3.1.2. ADMET Analysis

The physicochemical properties of the compounds and their PROTAC, which serve as the descriptors to evaluate their bioactivity, are shown in

Table 2. Evaluation of pharmacological behavior of compounds.

Compound	Lipophilicity (LogP)	Absorption	Solubility (LogS)
TB003	5.09 (High)	Low	−6.29 (Poorly Soluble)
TB008	2.75 (Moderate)	High	−3.83 (Soluble)
TB0016	2.55 (Moderate)	High	−4.28 (Moderately Soluble)
TB003 PROTAC	4.28 (High)	Low	−6.65 (Poorly Soluble)
TB008 PROTAC	3.19 (High)	Low	−5.59 (Moderately Soluble)

. TB003 exhibits high lipophilicity with a LogP value 5.09, signifying a strong affinity for lipid environments. However, its low absorption and poor solubility, with a LogS of −6.29, suggest potential challenges in bioavailability. In contrast, TB008 demonstrates moderate lipophilicity (LogP 2.75), coupled with high absorption and good solubility (LogS −3.83). TB0016 shares similar attributes with TB008, displaying moderate lipophilicity (LogP 2.55), high absorption, and moderately soluble characteristics (LogS −4.28). The PROTAC versions of TB003 and TB008 also exhibit high lipophilicity but their low absorption and moderately to poorly soluble nature could pose formulation challenges in drug development. These compound profiles underscore the importance of balancing lipophilicity, absorption, and solubility for optimal drug design and delivery. The PROTAC version of TB0016 is currently being made.

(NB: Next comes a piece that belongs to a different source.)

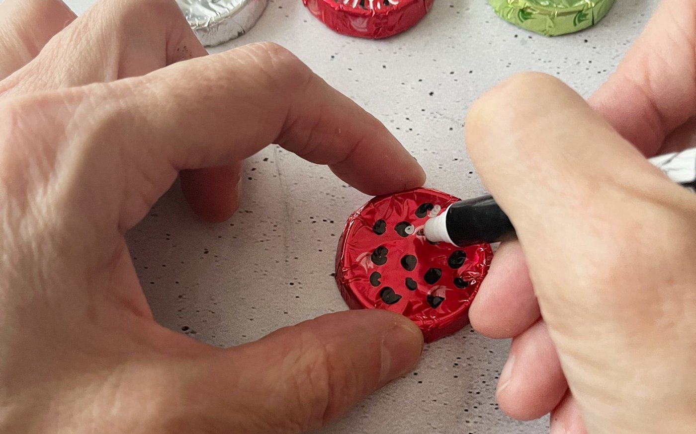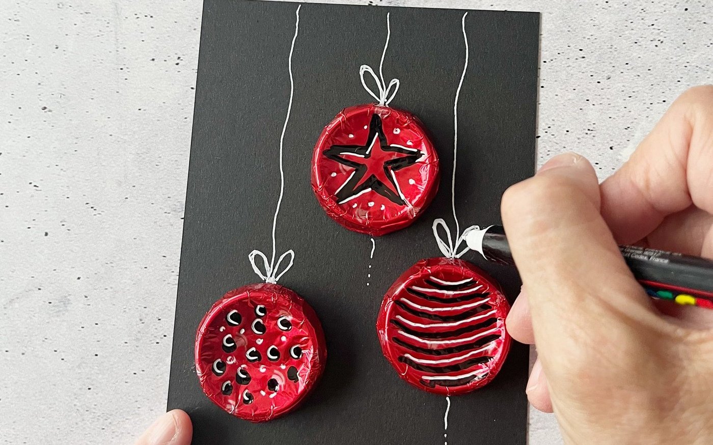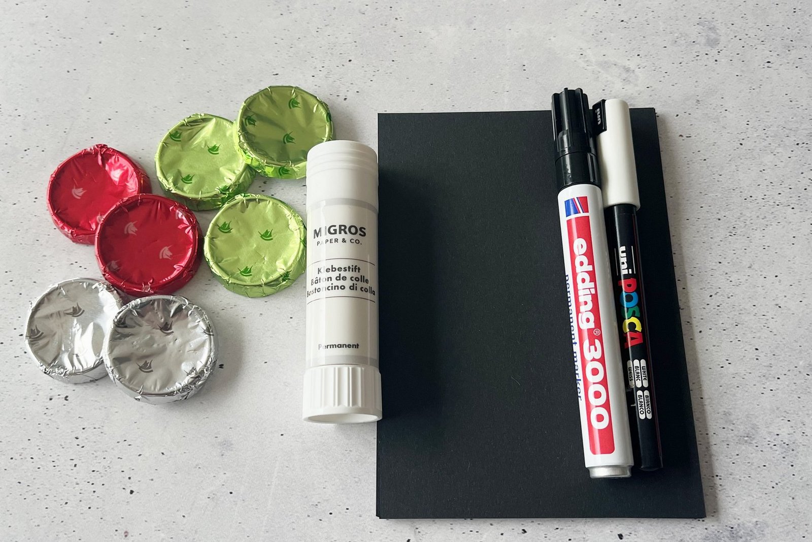 Fürs Weihnachtsfest einen Gutschein originell verpacken. Zum Jahresende eine Karte verschicken, die den Empfängern ein Lächeln aufs Gesicht zaubert. Oder eine witzige Tischkarte fürs Silvesteressen fertigen: Die hier vorgestellten Karten mit in farbigen Folien verpackten Schoggi-Rondellen sind vielseitig einsetzbar. Die dafür verwendeten runden Schokoladen heissen genau genommen «Choco-Croquettes». Der Name stammt…

In summary, all drugs, including precursors and PROTACs, display LogP values that fall well within the desirable range for therapeutic compounds. As expected, PROTAC molecules, however, are less soluble than the precursor compounds and, also, because of size, the PROTACs are not as well absorbed.

3.1.3. MD Simulations

The molecular dynamics (MD) simulations conducted for each complex yielded valuable insights into the intricate molecular interactions between the target and our selected compounds. This comprehensive analysis delves into the nuances of the complexes’ stability and dynamics under scrutiny. In addition to the simulations of CDK9 alone, the complexes subjected to MD simulations include CDK9-TB003, CDK9-TB008, and CDK9-TB0016, allowing for a detailed exploration of their behavior at the molecular level. These simulations show how these complexes evolve, unraveling essential information about their structural stability and dynamic behavior.

RMSD Analysis

To investigate the structural conformations of CDK9, CDK9-TB003, CDK9-TB008, and CDK9-TB0016 at the molecular level, the analysis focused on calculating Root Mean Square Deviations (RMSD) values. The mean RMSD values for CDK9, CDK9-TB003, CDK9-TB008, and CDK9-TB0016 were quantified as 0.29 nm, 0.30 nm, 0.28 nm, and 0.27 nm, respectively. These outcomes suggest minimal variations in the structural configurations of the complexes following binding events.

The RMSD plot, depicted in Figure 2a, visually represents the sustained stability observed throughout the simulation. The plot demonstrates a consistent trajectory, indicating that the complexes maintain high structural integrity over the simulation period. This implies that the binding of the ligands to CDK9 does not induce significant structural deviations.

Furthermore, the probability distribution analysis, as illustrated in Figure 2b, corroborates the stability of the complexes by revealing a lack of significant shifts. The probability distribution graph provides additional evidence supporting the notion that the structural integrity of each complex remains reasonably stable throughout the simulation, further substantiating the robustness of the molecular systems under investigation.

RMSF Analysis

Examining dynamic characteristics and flexibility within the complex employs Root Mean Square Fluctuation (RMSF) analysis, as shown in Figure 3a. The results reveal that residual fluctuations consistently display stability and remain minimized throughout the simulation duration. Notably, subtle changes are observable within the residues ranging from 250 to 300, positioned distally from the binding site at the protein’s terminus.

The probability distribution plot of RMSF, as illustrated in Figure 3b, reinforces the system’s stability by indicating an absence of significant shifts. This graphical representation further underscores the system’s overall strength, emphasizing the minimal impact of fluctuations on the dynamic behavior of the complex.

Radius of Gyration Analysis

The examination considered the structure’s intricacy and overall configuration before and after ligand binding, utilizing the gyration radius (R_g) metric throughout the simulation. The findings indicate that the protein’s stability remained predominantly unaltered by the binding event, as evidenced by the consistent R_g values observed throughout the simulation duration, as illustrated in Figure 4a. This sustained stability highlights the robustness of the protein structure, implying that the ligand binding did not elicit notable structural disruptions. The probability distribution plot (Figure 4b) further supports the comparable stability of the system, revealing no significant shifts in R_g values.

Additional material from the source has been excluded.